> YOUR GOAL
Exactly the lines from the beginning of the records below through the line with "近日,南方能源監(jiān)" must be given again, without pictures.
[[ RECORD SET, beginning ]]
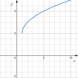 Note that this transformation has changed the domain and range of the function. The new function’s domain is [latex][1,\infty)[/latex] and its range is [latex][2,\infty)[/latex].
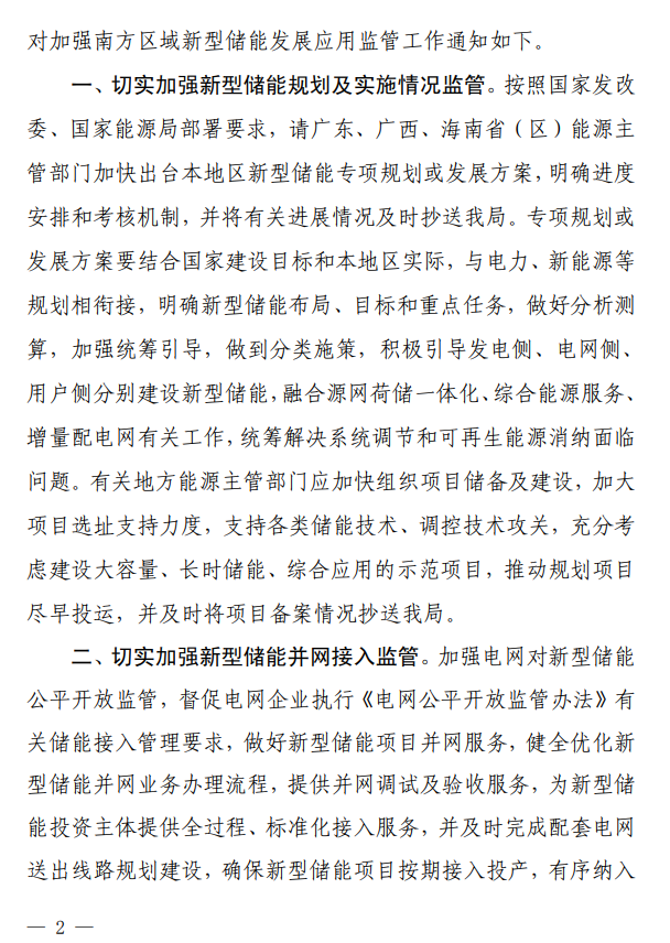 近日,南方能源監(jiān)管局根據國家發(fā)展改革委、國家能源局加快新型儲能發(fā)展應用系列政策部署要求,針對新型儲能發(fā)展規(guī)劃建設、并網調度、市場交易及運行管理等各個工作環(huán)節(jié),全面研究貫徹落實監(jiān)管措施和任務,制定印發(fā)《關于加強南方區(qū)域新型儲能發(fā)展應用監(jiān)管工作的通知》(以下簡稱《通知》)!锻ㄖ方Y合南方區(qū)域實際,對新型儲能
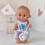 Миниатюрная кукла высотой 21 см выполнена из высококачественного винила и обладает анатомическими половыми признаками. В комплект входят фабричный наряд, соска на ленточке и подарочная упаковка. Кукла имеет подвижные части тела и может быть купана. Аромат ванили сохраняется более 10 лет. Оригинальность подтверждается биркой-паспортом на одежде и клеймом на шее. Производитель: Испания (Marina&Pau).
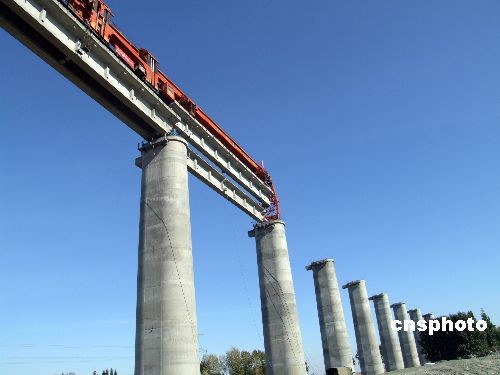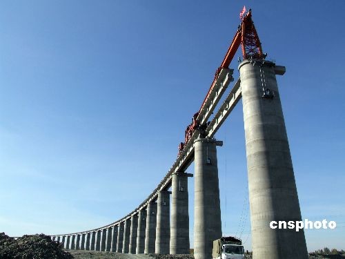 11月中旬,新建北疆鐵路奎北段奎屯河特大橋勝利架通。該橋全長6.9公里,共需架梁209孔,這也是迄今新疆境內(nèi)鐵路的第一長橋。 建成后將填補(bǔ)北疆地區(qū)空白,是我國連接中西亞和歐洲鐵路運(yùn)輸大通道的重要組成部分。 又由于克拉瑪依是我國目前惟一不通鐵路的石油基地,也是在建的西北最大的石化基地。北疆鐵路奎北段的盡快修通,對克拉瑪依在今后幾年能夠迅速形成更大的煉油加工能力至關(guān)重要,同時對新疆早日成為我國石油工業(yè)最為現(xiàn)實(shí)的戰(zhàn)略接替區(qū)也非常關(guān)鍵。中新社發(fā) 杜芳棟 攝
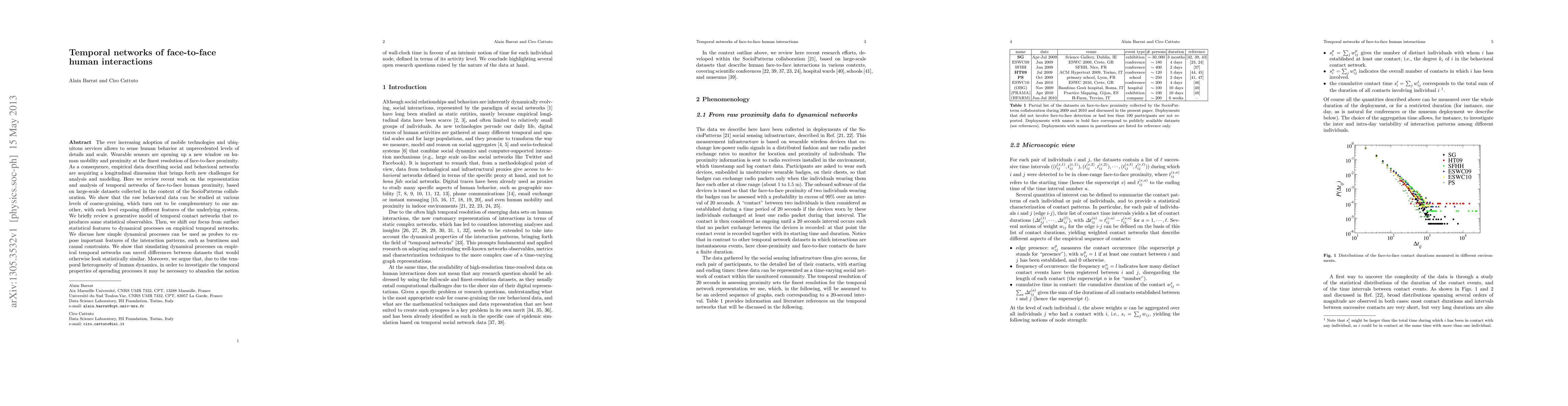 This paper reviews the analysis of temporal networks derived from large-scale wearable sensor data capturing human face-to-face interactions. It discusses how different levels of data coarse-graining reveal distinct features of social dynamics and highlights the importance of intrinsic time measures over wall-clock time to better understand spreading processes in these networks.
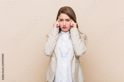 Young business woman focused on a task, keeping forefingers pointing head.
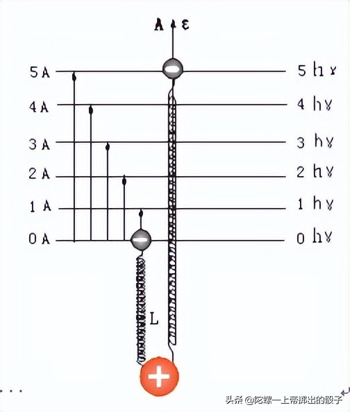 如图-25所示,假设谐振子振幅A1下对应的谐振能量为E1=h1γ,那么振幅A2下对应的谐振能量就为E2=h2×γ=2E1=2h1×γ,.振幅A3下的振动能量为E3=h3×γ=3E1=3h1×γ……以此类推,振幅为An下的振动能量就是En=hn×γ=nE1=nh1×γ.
[[ RECORD SET, end ]]
> RESULT
 Note that this transformation has changed the domain and range of the function. The new function’s domain is [latex][1,\infty)[/latex] and its range is [latex][2,\infty)[/latex].
 近日,南方能源監(jiān)管局根據國家發(fā)展改革委、國家能源局加快新型儲能發(fā)展應用系列政策部署要求,針對新型儲能發(fā)展規(guī)劃建設、并網調度、市場交易及運行管理等各個工作環(huán)節(jié),全面研究貫徹落實監(jiān)管措施和任務,制定印發(fā)《關于加強南方區(qū)域新型儲能發(fā)展應用監(jiān)管工作的通知》(以下簡稱《通知》)!锻ㄖ方Y合南方區(qū)域實際,對新型儲能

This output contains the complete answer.